AFS Division 8C Coreless Melting Committee, Schaumburg, Illinois

Induction melting furnaces are intended for continuous and consistent use. The retained heat from continued use improves the melting time for each heat and improves the life of the refractory walls. Occasionally, a metalcaster is compelled (by economic necessity or other reason) to curtail production operations to such a degree that melting and pouring are inconsistent, such as three and four day per week melt schedules. Under these circumstances, metalcasting personnel will need to determine whether it makes economic sense to leave the furnaces filled with molten metal (with power applied) during the extended non-productive periods, or to empty the furnace and turn the power off. The principal factors that must enter into any decision to idle furnaces and then restart them from a cold condition include the type of furnace technology employed, the effect on furnace refractory and the establishment of shutdown procedures. Any decision to idle a furnace and restart from the cold condition should be made after consulting the appropriate furnace manufacturer and refractory supplier.

Technical Information and Practice

Furnace Technology. When considering whether or not to shut a coreless induction furnace down for any length of time, consideration first should be given to the age and vintage of the melt system technology. Two distinct types of furnace technologies are in wide use today: line frequency (heel melt) applications and medium to high frequency (batch melt) applications. With rare exceptions, any furnace operating at 200 Hz or below is considered to be a line frequency application. Those operating above 200 Hz are considered medium and high frequency. The fundamental operational difference between the two is the rate at which each applies power to the induction coil under varying conditions.

Line frequency systems require starter blocks when cold-starting. When power is applied and the temperature of the starter blocks is raised, their magnetic and electrical properties are affected.

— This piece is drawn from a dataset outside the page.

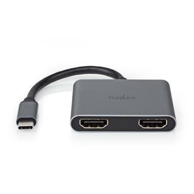 Nedis USB-C™ Adapter | 2-in-1 | USB 3.2 Gen 1 | USB-C™ Hane | 2x HDMI™ | 4K@30Hz | 0.10 m | Rund | Nickelplaterad | PVC | Svart | Låda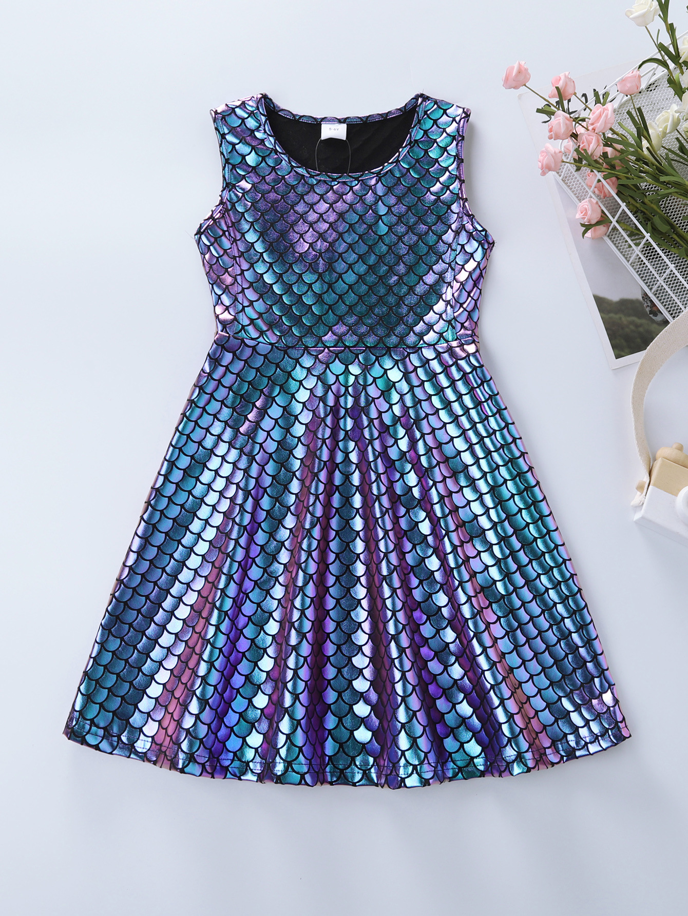 3-8Y Kids Girls Sleeveless Mermaid Scale Party Dresses Kids Clothing

As a consequence of line frequency design characteristics, the furnace coil is incapable of drawing full power from the power supply, and a dramatic and pronounced "power slump" can occur. Until the furnace is at least half to two thirds full of completely liquefied metal, furnace power can be increased only incrementally over an extended period of time (the duration is dependent upon the furnace capacity and metal type). The result is an extended cold-start cycle that demands constant attention from the melt operator (power tuning, tap changing, etc.). As a rule of thumb, it is rarely advantageous to shut a line frequency heel melting furnace down and subject it to a cold-start unless it is scheduled to be non-productive for at least four consecutive days. Since circumstances vary from facility to facility, the determination should be made after carefully evaluating the economic impacts of a shutdown, including kilowatt hours required to hold the furnaces at low power over an extended period of time versus the electrical, manpower and other costs associated with an extended cold start.

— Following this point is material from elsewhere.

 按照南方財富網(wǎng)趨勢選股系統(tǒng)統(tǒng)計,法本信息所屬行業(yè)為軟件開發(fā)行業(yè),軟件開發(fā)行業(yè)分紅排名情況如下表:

The more modern medium and high frequency batch melt systems are designed with solid state inverter technology that allows the coil to draw full power from the power supply from the moment it is turned on until the bath is completely liquefied. (Due to refractory considerations, full power should never be applied to a furnace that has a cold lining). These systems do not require the use of starter blocks and can be restarted from a cold condition using high density returns or a standard charge makeup. Alternately, a controlled gas-fired torch can be used to raise furnace and refractory temperature prior to the introduction of either a cold or molten charge, after which full furnace power can be applied. Medium and high frequency furnaces are good candidates to be completely shut down and restarted almost without regard to the length of time they are expected to be down.

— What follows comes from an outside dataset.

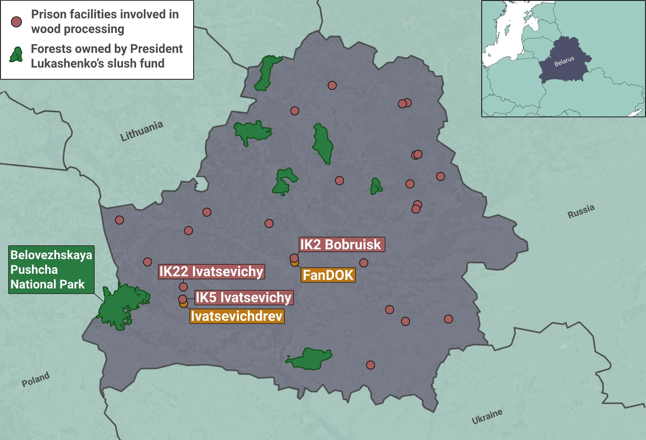 In a report published by Earthsight in November 2022, ‘Rubber-stamping Repression,’ we revealed how the Belarusian furniture sector is closely connected to the country’s many penal colonies, where prisoners work under archaic conditions. We also showed its links to the abuse and torture of political prisoners in the country, as well as to logging in protected areas. We showed how many Belarusian prisons had been awarded spurious sustainability credentials by international certification scheme Forest Stewardship Council, which effectively licensed these furniture products for sale on the EU market for years before the invasion.

Furnace Refractory. The central issue in restarting a furnace from a cold-start condition is the preservation of the existing refractory lining. Furnace refractories prefer a steady state environment and do not react well to the stresses of thermal cycling. An improperly conducted cold-start can easily result in damage to the existing lining such that any savings generated by shutting a furnace down will be more than offset by the collateral costs of the subsequent restart.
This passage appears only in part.